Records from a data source
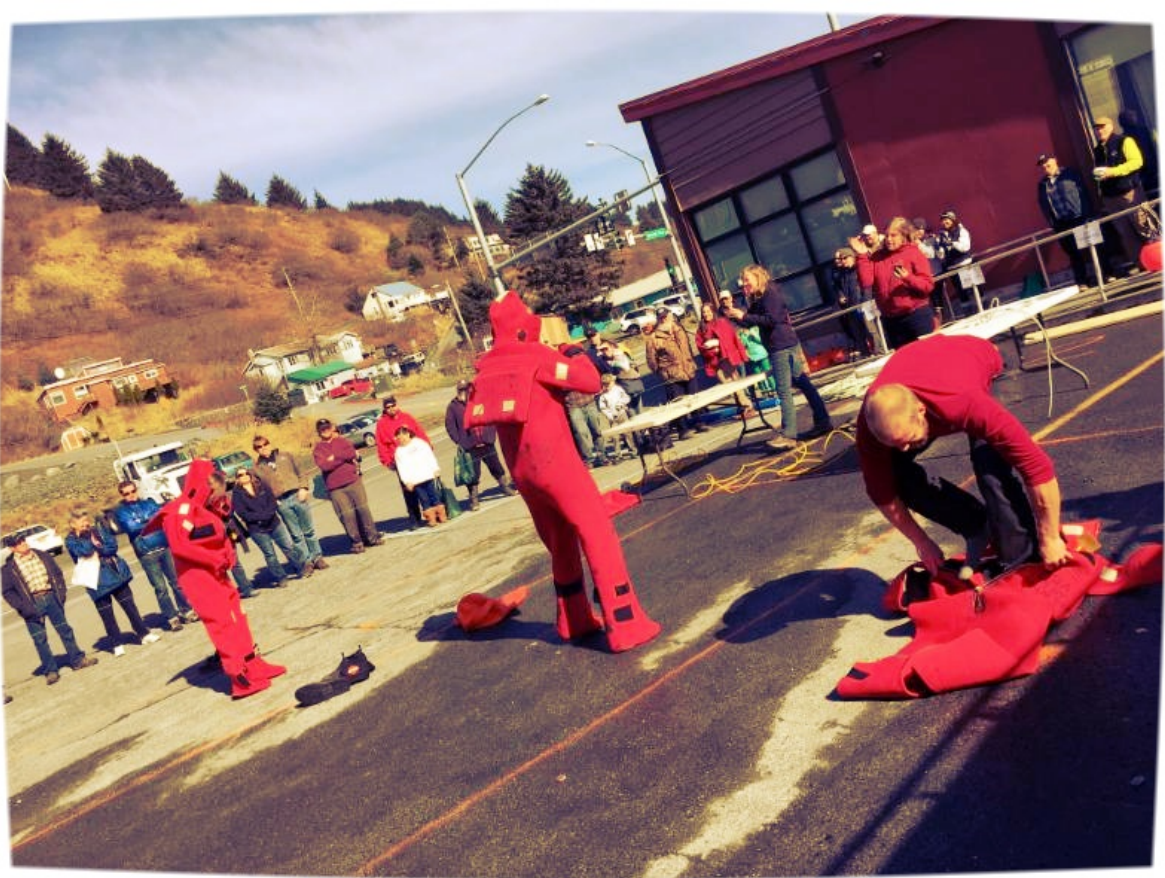
The participants in this round are neck and neck in the last event of the heat - Survival Suit Donning_
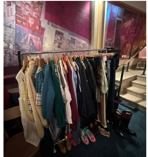
Re-loved club at the Soho Theatre
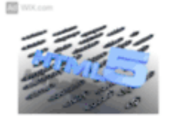
5-Day Wix Challenge - The Ultimate Wix Design Course
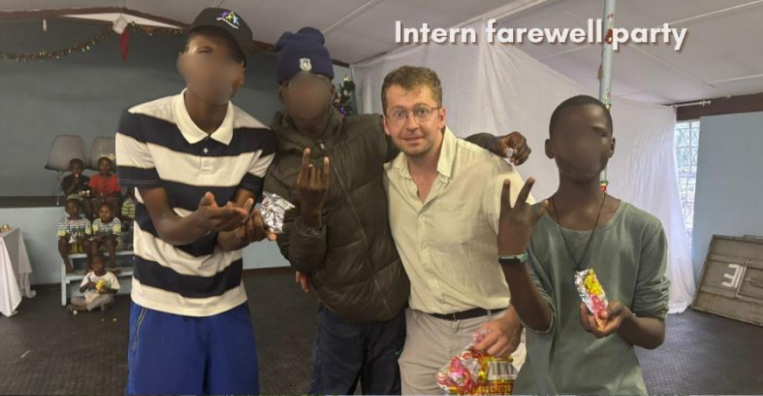
Intern farewell party
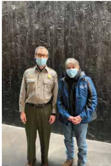
Paying my respects at the Flight 93 National Memorial in Stoystown, PA.
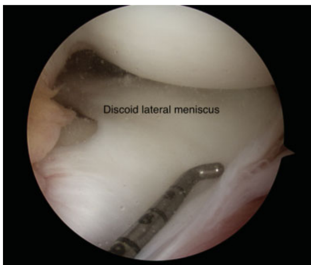
Fig. 2 Incomplete discoid lateral meniscus with vertical tear involving anterior horn.

Kim et al 4 described a similar technique of repairing tears of anterior horn of lateral meniscus. Using three portals, lateral patellofemoral axillary portal as the viewing portal, standard anterolateral, and far medial portal, the tear was approached

YOUR GOAL: Extract, verbatim and alone, the lines from the line that contains "5-Day Wix Challenge" to the last line of the records, inclusive; drop any picture.

EXERCISE OUTPUT:
5-Day Wix Challenge - The Ultimate Wix Design Course
Intern farewell party
Paying my respects at the Flight 93 National Memorial in Stoystown, PA.
Fig. 2 Incomplete discoid lateral meniscus with vertical tear involving anterior horn.

Kim et al 4 described a similar technique of repairing tears of anterior horn of lateral meniscus. Using three portals, lateral patellofemoral axillary portal as the viewing portal, standard anterolateral, and far medial portal, the tear was approached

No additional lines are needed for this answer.